Nayeli lives with her grandfather and her mother. Her grandfather is not employed and her mother is sometimes employed as a farmer. Nayeli works at home washing clothes, making beds and running errands.
Playing jacks, volleyball and art are Nayeli's favorite activities. In primary school her performance is average and she also regularly attends church activities.
Because of your sponsorship, Nayeli will have new opportunities to learn and grow physically, mentally, and spiritually. Thank you for your concern and prayers.
Nayeli lives in the hillside community of Bambamarca, home to approximately 65,000 residents. Typical houses are constructed of dirt floors, adobe walls and tile roofs. The regional diet consists of maize, rice and potatoes.
Common health problems in this area include respiratory diseases, malnutrition, stomach infections and parasitism. Most adults in Bambamarca are unemployed but some work as market traders and earn the equivalent of $167 per month. This community needs employment opportunities and vocational training centers.
Your sponsorship allows the staff of Principe de Paz Student Center to provide Nayeli with Bible teaching, health and hygiene education, picnics, birthday celebrations, sports competitions, homework help, educational videos, cultural activities and vocational skills training.
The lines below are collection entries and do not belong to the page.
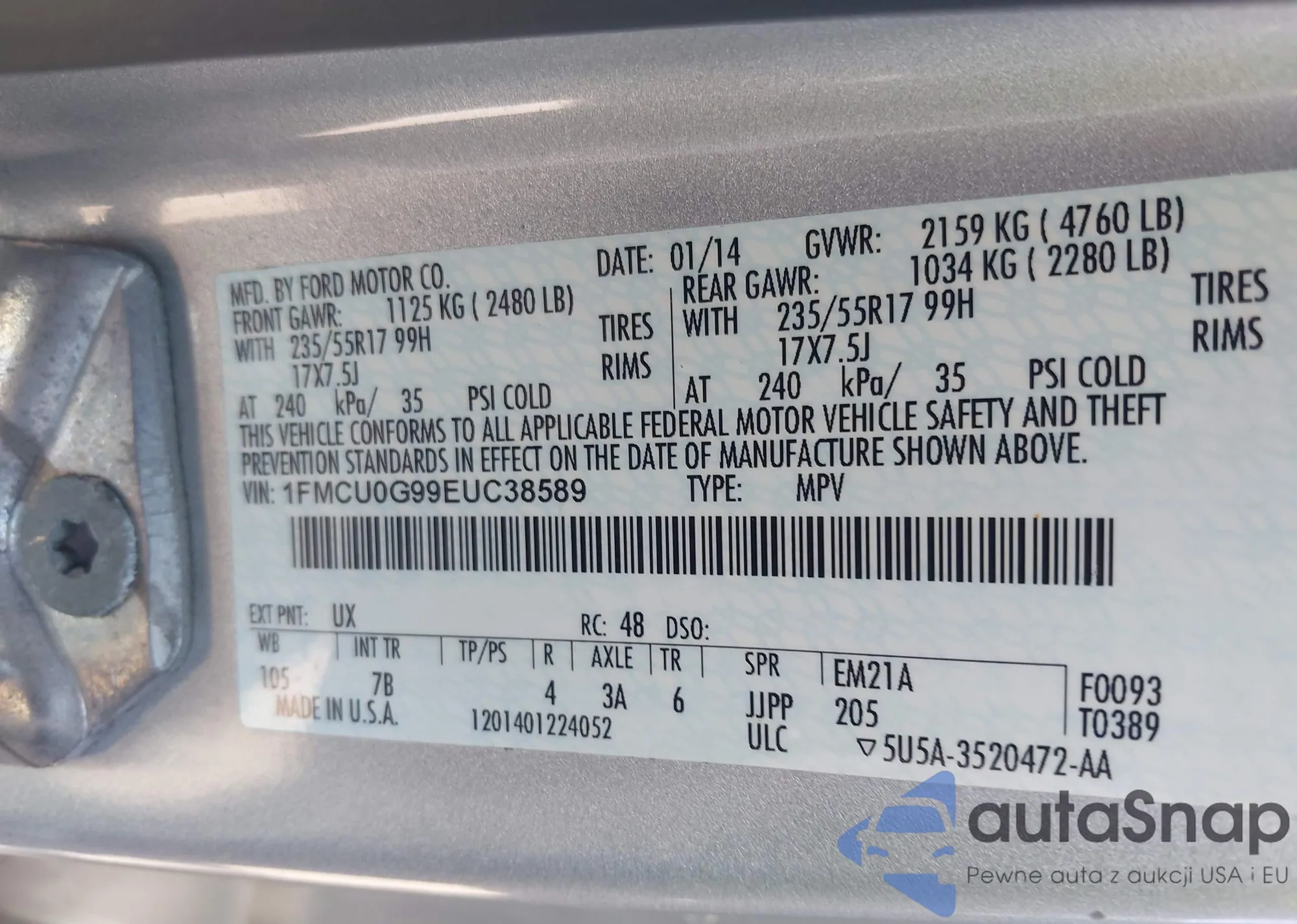 LOT: 42201138 VIN: 1FMCU0G99EUC38589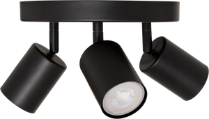 Deze elegante plafondlamp met drie verstelbare spots in mat zwart biedt stijl en flexibiliteit in één.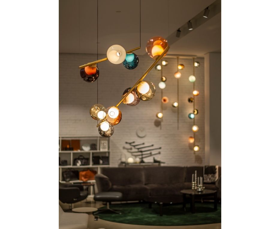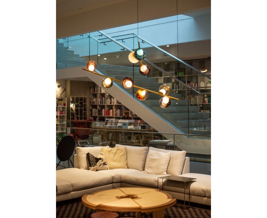 Коллекция 28 stem system позволяет осуществлять монтаж на полу, потолке или колонне. Возможна установка колонны в виде растяжки от пола до потолка. Напольная версия может быть подключена к розетке для максимальной гибкости. Все версии включают встроенную систему затемнения. Доступный в черном или медном цвете с различными вариантами подвески. Различные подвески Bocci могут быть использованы с системой.
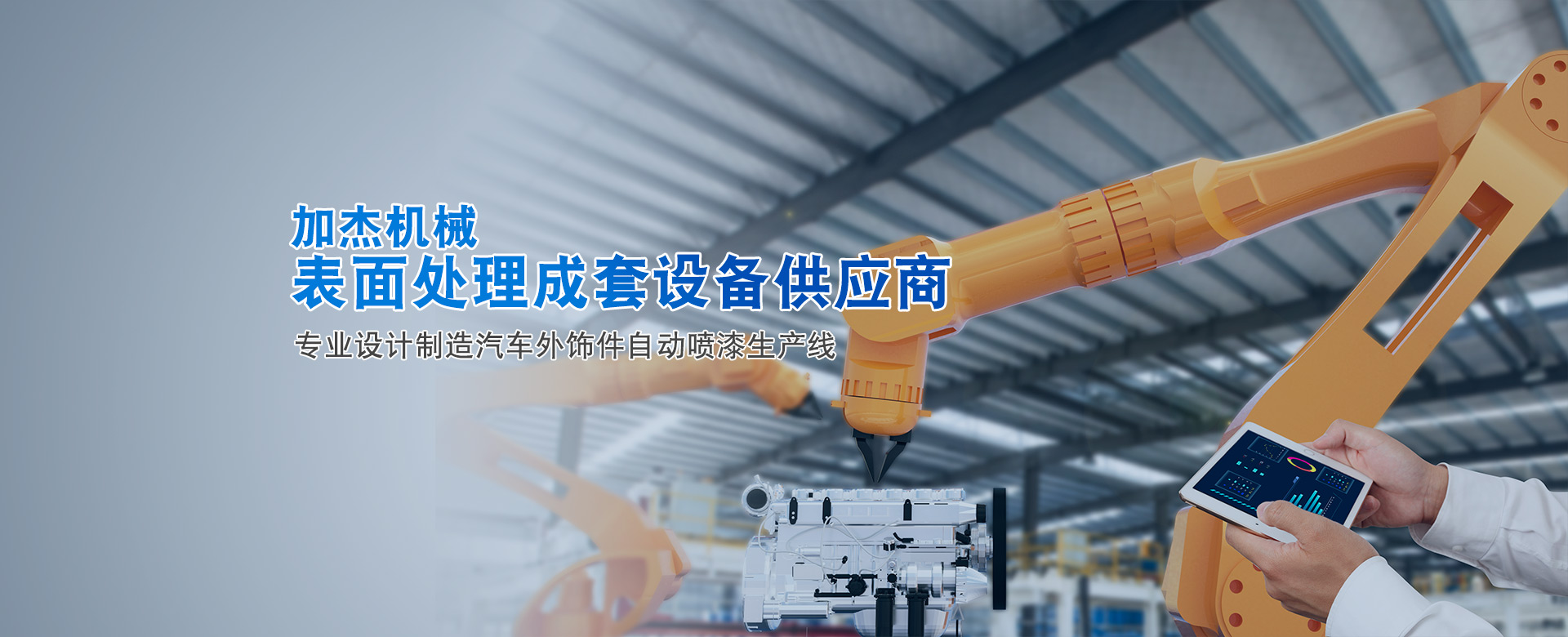 加杰智能裝備(廣東)有限公司是廣州市加杰機(jī)械設(shè)備有限公司的全資子公司,加杰成立于2007年。是一家專(zhuān)業(yè)于表面處理行業(yè)智能化涂裝設(shè)備的研發(fā)、設(shè)計(jì)、制造、安裝與售后為一體的綜合型企業(yè),專(zhuān)業(yè)于塑膠、金屬部件的噴漆、電泳、噴粉等成套自動(dòng)涂裝線(xiàn)交鑰匙工程。 公司在廣州花都和廣清產(chǎn)業(yè)園均有自建研發(fā)及生產(chǎn)基地,占地面積六萬(wàn)余㎡,旗下有加杰智能、川捷智能、漢潔科技、泰國(guó)加杰四家子公司。公司同華南理工、廣工、北理工等知名大學(xué)院校展開(kāi)深度合作,并積極展開(kāi)自主創(chuàng)新和...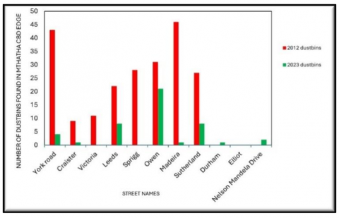 Figure 2. Comparison of functional dustbin which were found in Mthatha between 2012 and 2023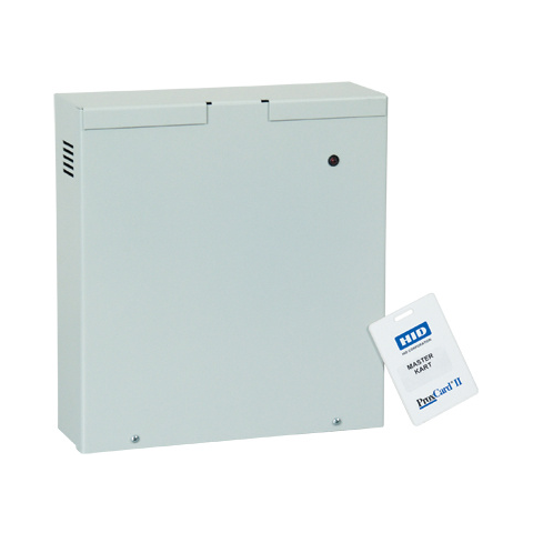 2 ajtós önálló beléptető-vezérlő fémdobozzal, 200 felhasználóhoz A beléptető-vezérlő főbb jellemzői Mikroprocesszor vezérelt áramkör. 2 HID Wiegand 26-bit Proximity kártyaolvasó bemenet. Olvasási frekvencia: 125 kHz. 2 NO kontaktusú, feszültségmentes relé kimenet. 2 NO kontaktusú, ajtónyitó nyomógomb bemenet. 200 felhasználó. HID MagicProx vagy azzal kompatibilis kártyával használható. Programozás mester kártyával és számítógépen kere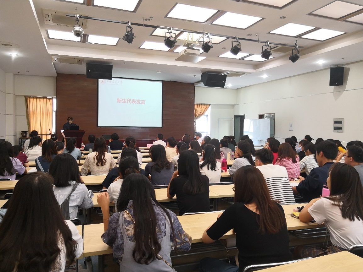老生代表发言结束后,曾就读于北京大学护理学专业的林倩作为新生代表进行发言。发言中,她讲到了自己如何从大学时的迷茫转变为如今坚定信念来到交大学习医学英语的心理历程,也说出了自己未来人生的奋斗方向。最后,她表达了自己对未来的期许,希望与同学们共同成长、共同进步。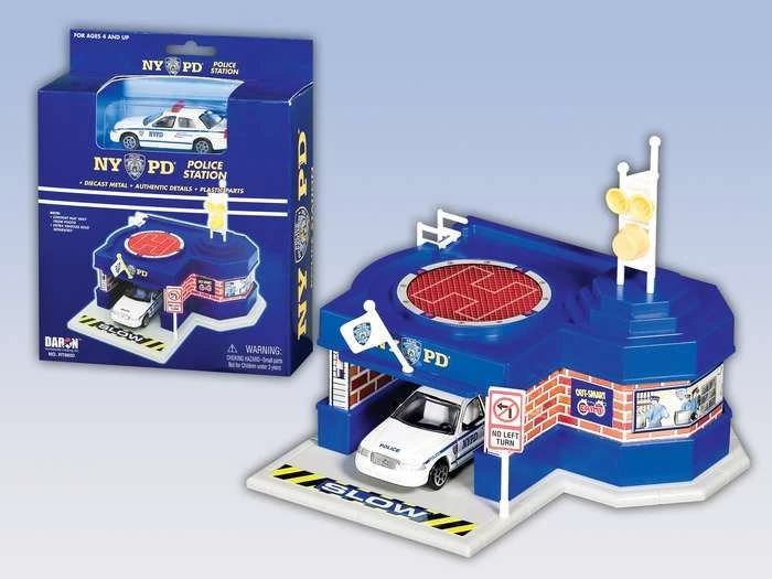 These are the toys for every child who dreams of being a police officer. Offers hours of fun and safe play action. Great as a gift for any occasion. Includes police station, patrol car and signage.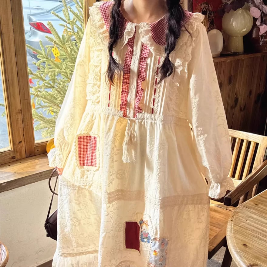 レース貼りコーデュロイロングワンピ ・6410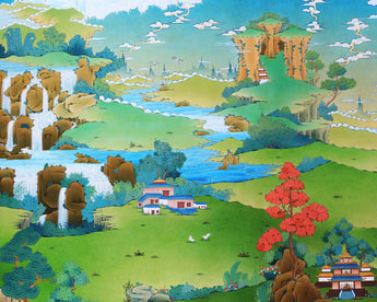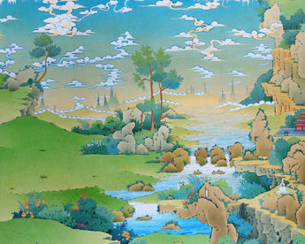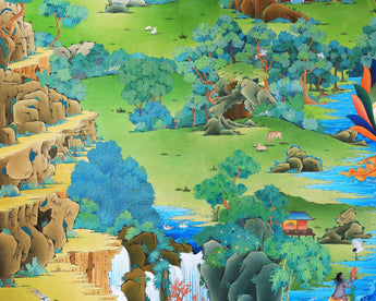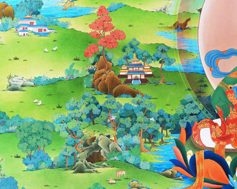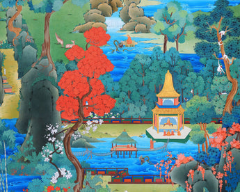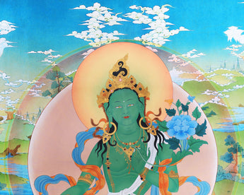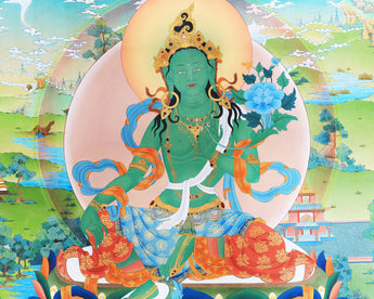 A beautiful Green Tara thangka print. In a lavish open background, we have tried to show Mother Tara in the grandeur form. The vast background with Mother Tara at the center makes the painting enormously beautiful. This painting is truly exquisite.
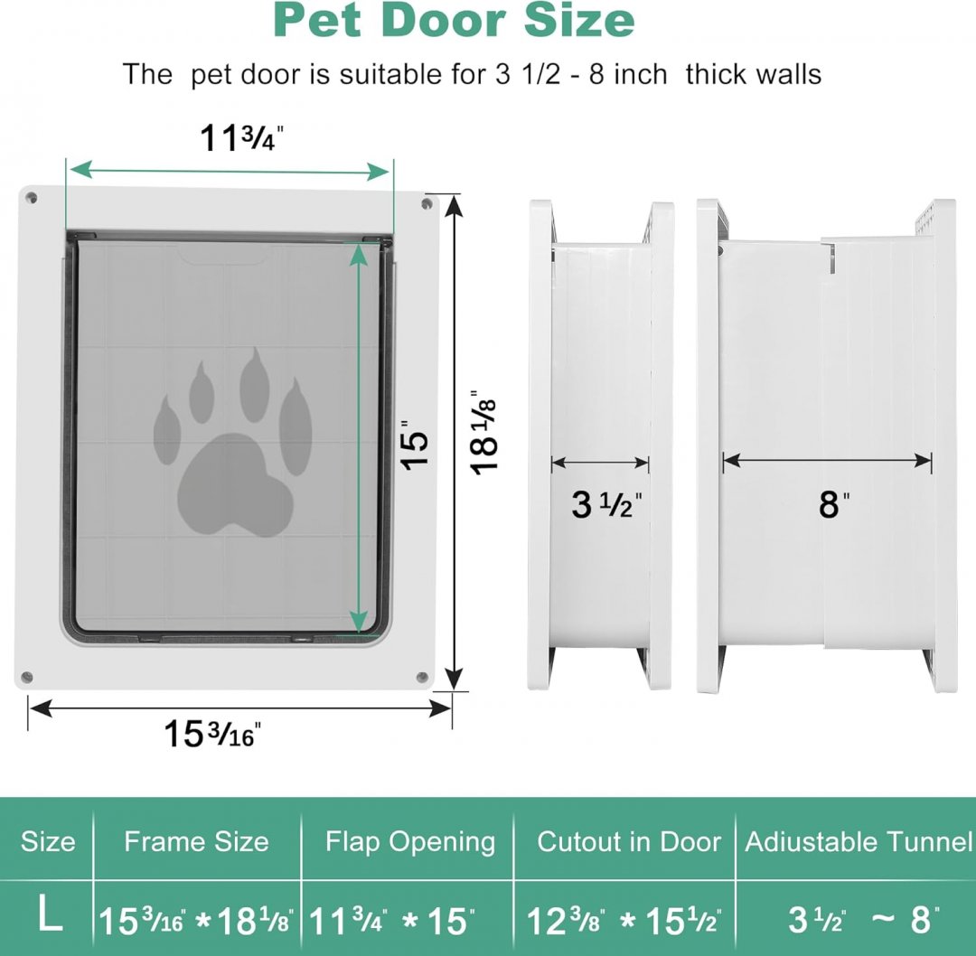 ikuso Weatherproof PET DOOR Magnetic Flap with Insulation AND Adjustable Tunnel - 15" X 18" - WHITE

The center staff will also provide health education, income-generating activities and evangelism for the parents or guardians of Nayeli.
Sprawled along the southern Pacific Ocean, Peru is divided into three regions: the heavily populated coastal plain; the Andes Mountains, where cattle and agriculture predominate; and the humid eastern lowlands, inhabited by isolated Amerindian tribes.
Once part of the vast Incan empire, Peru has emerged from decades of civil strife as a growing economy. Three out of four Peruvians live in cities. Nearly half are Indians and many are mestizo (descended from Spanish and Indian ancestry). Spanish and Quechua are Peru's official languages. The majority of Peruvians are Catholic. Compassion works mostly in the western part of the country along the Pacific Ocean, but also has child development centers in the upper jungle and in some Andean towns in the central and eastern regions.
When Spaniard Francisco Pizarro landed in Peru in 1532, the Incas ruled a vast empire rich in silver and gold, which soon fell to the conquistadors. Spain ruled the area until 1821, when Peru won its independence. Since then, Peru's government has alternated between military and civilian dictators and reform-minded leaders. During the 1970s and 1980s, the country struggled with inflation, a decline in per-capita income, and guerrilla violence. A strong economy and increased stability prevailed in the 1990s, although the government was criticized for human rights violations. The 2006 elections saw the return of former president Alan Garcia who vowed to improve social conditions and maintain fiscal responsibility.